Comunque, qui lo sfogo sessuale della Ekberg in borghese non basta (la carica sensuale del film sembra piuttosto concentrata in Joe Dallesandro, dritto dalla Factory di Warhol – un altro attore che pare piombato nella pellicola per errore; una suora si deciderà a leccargli la patta, ma non oserà spingersi oltre). Per questo motivo partono finalmente gli omicidi, un po’ blandi per la verità, con annesse lunghe (troppo) allucinazioni chirurgiche, fino al colpo di scena finale (il tipico twist di quegli anni, un altro elemento argentiano). Insomma, se proprio non sono assassine, queste suore comunque non la fanno mai giusta, e finisce che portano un po’ sfiga perfino quando sono porche. Forse la morale è che conviene sempre darsi una toccata quando ti passano accanto? A ben vedere, non è la comparsa di una suora che, in Vertigo, fa cascare Kim Novak dal campanile proprio quando tutto sembrava risolto?

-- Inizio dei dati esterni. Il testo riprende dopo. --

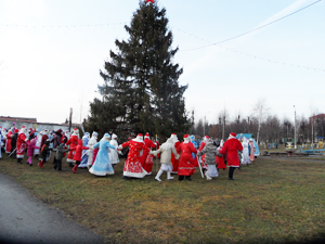 Дзяды Марозы і Снягуркі (усяго пяцьдзясят пар) віншавалі прысутных з Новым годам, спявалі песні, запрашалі да танцаў, разам з дзецьмі кружыліся ў карагодзе. А дзяцей у парку сабралася многа. І ўсім хацелася сфатаграфавацца, ну, хоць з адным Дзедам Марозам, атрымаць з яго навагодняга мяшка цукерак.
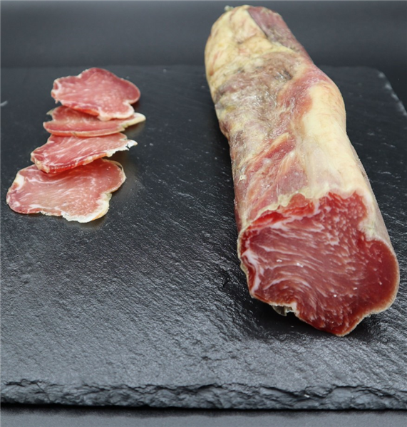 Producto elaborado con lomo procedente de nuestros cerdos ibéricos, engordados en nuestra finca puerto padrón, ubicada en el parque natural de la sierra norte de Sevilla. Curados de forma natural. La principal característica es que se trata de una caña de lomo sin pimentón, sus ingredientes son ajo nacional y sal de Cádiz. Libre de alérgenos.

E, a scavare tra i documenti del passato, c’è effettivamente da restare terrorizzati. Ecco per esempio la suora Margherita Maria Alacoque, oggi santa e ripubblicata (credo per scherzo) da Sellerio. Siamo in Francia nel 1686: «Una volta, volendo pulire il vomito d’una malata, non riuscii a impedirmi di farlo con la lingua e di mangiarlo […] E una volta in cui ero stata colta da nausea mentre accudivo una malata che aveva la dissenteria, […] mi vidi costretta, mentre andavo a buttare via ciò che quella aveva fatto, a bagnarvi a lungo la lingua dentro e a riempirmene la bocca. […] “O mio Signore, lo faccio per farvi piacere e conquistare il vostro cuore divino”». E, a conferma che l’abbinamento suore e scatologia è inaggirabile, possiamo tornare a Corsicato, che non contento di aver reso suora addirittura Iaia Forte (ne Il volto di un’altra, dove tra l’altro c’è una scena di attività fisica all’aperto che richiama direttamente Suor Omicidi), le fa dire, a Lino Guanciale manovale sexy e sporco che vuole scioperare: «Su muoviti Che Guevara, che c’è da portare i water nella discarica.»